ArchR
ArchR copied to clipboard
.testMarkerSC() failing when mean1 and/or mean2 is NA during call to getMarkerFeatures()
Discussed in https://github.com/GreenleafLab/ArchR/discussions/1319
Originally posted by wuv21 March 3, 2022 Hi!
Been running into an issue similar to #562 and #483 with the same error output, but I have been running ArchR v1.0.2 (commit 48dccf) which was the solution to both those questions. As such, I believed that the error was related to something else.
By debugging through the getMarkerFeatures() call (see below for my function call):
tmp <- getMarkerFeatures(
ArchRProj = proj,
useMatrix = "MotifMatrix",
groupBy = "condensedCluster",
testMethod = "wilcoxon",
bias = c("TSSEnrichment", "log10(nFrags)"),
useGroups = "CD4_TRUE",
bgdGroups = "CD4_FALSE",
maxCells = 1000,
verbose = TRUE,
useSeqnames = "z"
)
I noticed that one of the rows in pairwiseDF (see source below) contained NA values for both mean1 and mean2 (small section of data frame shown below). The row "f156" is the only row with this issue. All other rows were ok in the rest of pairwiseDF.

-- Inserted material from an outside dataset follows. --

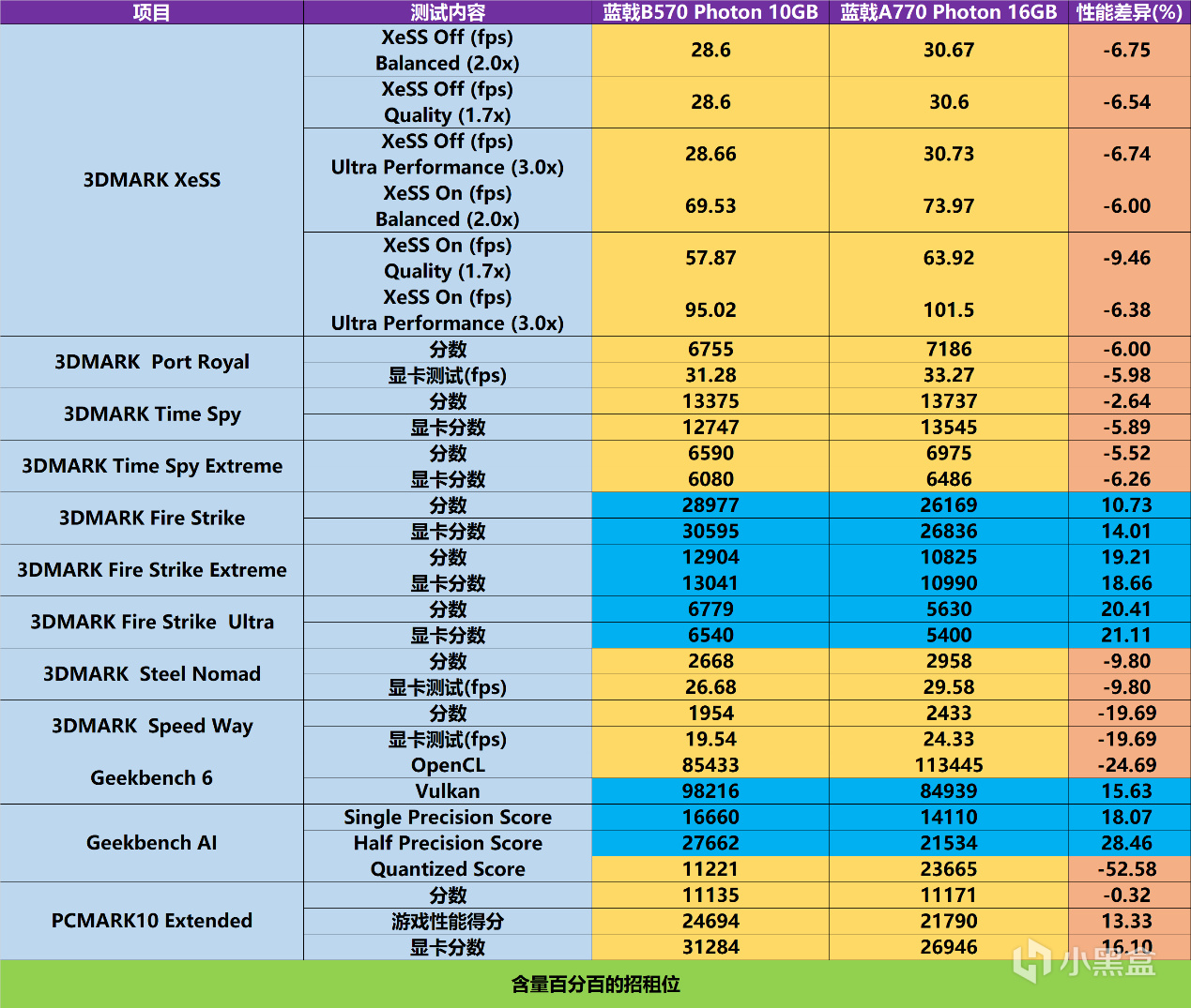 下面我在顯卡默認模式下對顯卡做一些性能測試、遊戲測試以及生產力相關的測試。我們先來看看兩款顯卡搭配幾款軟件進行基準測試的對比結果,性能差異的部分使用藍戟B570 Photon 10GB對比藍戟A770 Photon 16G。

https://github.com/GreenleafLab/ArchR/blob/48dccf361bab6d9191a4d9b61e1317acfa71167c/R/MarkerFeatures.R#L422-L426
log2Mean log2FC fdr pval mean1 mean2 n auc
f155 3.089913 NaN 7.740502e-02 5.694163e-03 0.6838235 -0.2663543 36 0.6898148
f156 0.000000 0.00000000 2.650317e-10 3.046341e-13 NA NA 36 0.0000000
f157 3.705964 0.08330494 9.909369e-01 9.147955e-01 0.3451817 0.3242560 36 0.4922840
Since mean1 and mean2 were NA, idxfilter contained a vector of both boolean values and a NA that was associated with row "f156". I think the fix below would solve this issue:
idxFilter <- rowSums(pairwiseDF[, c("mean1", "mean2")]) != 0 & rowSums(is.na(pairwiseDF[, c("mean1", "mean2")])) == 0
Thanks!
Edit: updated my fix; didn't realize Github changed a piece of code into a link. Edit2: updated fix again.
@wuv21 - I converted this to an Issue post.
I think the most important question is why do mean1 and mean2 get set to NA in the first place? Any chance you can parse that out? I'd rather try to figure out how to prevent the NAs from getting generated than work around their existence.
Thanks @rcorces for moving it into issues and for your reply. I dug deeper and found that this particular motif had no matches in my dataset. I did the following:
# load in the matches rds from getPeakAnnotation()
tmp <- readRDS(getPeakAnnotation(proj, "Motif")$Matches)
# below line returns FALSE; i tried other columns corresponding to other motifs and saw that there were TRUE values
any(tmp@assays@data@listData[["matches"]][, 156])
# double checked to make sure that there were no positions either in motif 156
# other motifs had elements in the GRanges objects
tmp <- readRDS(getPeakAnnotation(proj, "Motif")$Positions)
tmp[[156]]
GRanges object with 0 ranges and 1 metadata column:
seqnames ranges strand | score
<Rle> <IRanges> <Rle> | <numeric>
-------
seqinfo: 23 sequences from an unspecified genome; no seqlengths
As such, .getPartialMatrix() returns back a matrix that has NA values associated with that particular motif when it is called in .testMarkersSC().
https://github.com/GreenleafLab/ArchR/blob/968e4421ce7187a8ac7ea1cf6077412126876d5f/R/MarkerFeatures.R#L346-L353
I think this might just be a rare case of this motif not being visible in this current project/biological context (possibly due to the lower cell counts for this current analysis). This error doesn't occur for me with other projects but I do notice that this motif has the smallest number of peaks associated with it compared to all the other motifs.
I have temporarily patched this on a new branch (dev_idxFilter) via https://github.com/GreenleafLab/ArchR/commit/f091e426bbe6f78b149ded4f9b49e86ad4f5640f but I think the better fix is to remove these offending rows from the motif matrix entirely. Will try to address this more thoroughly soon.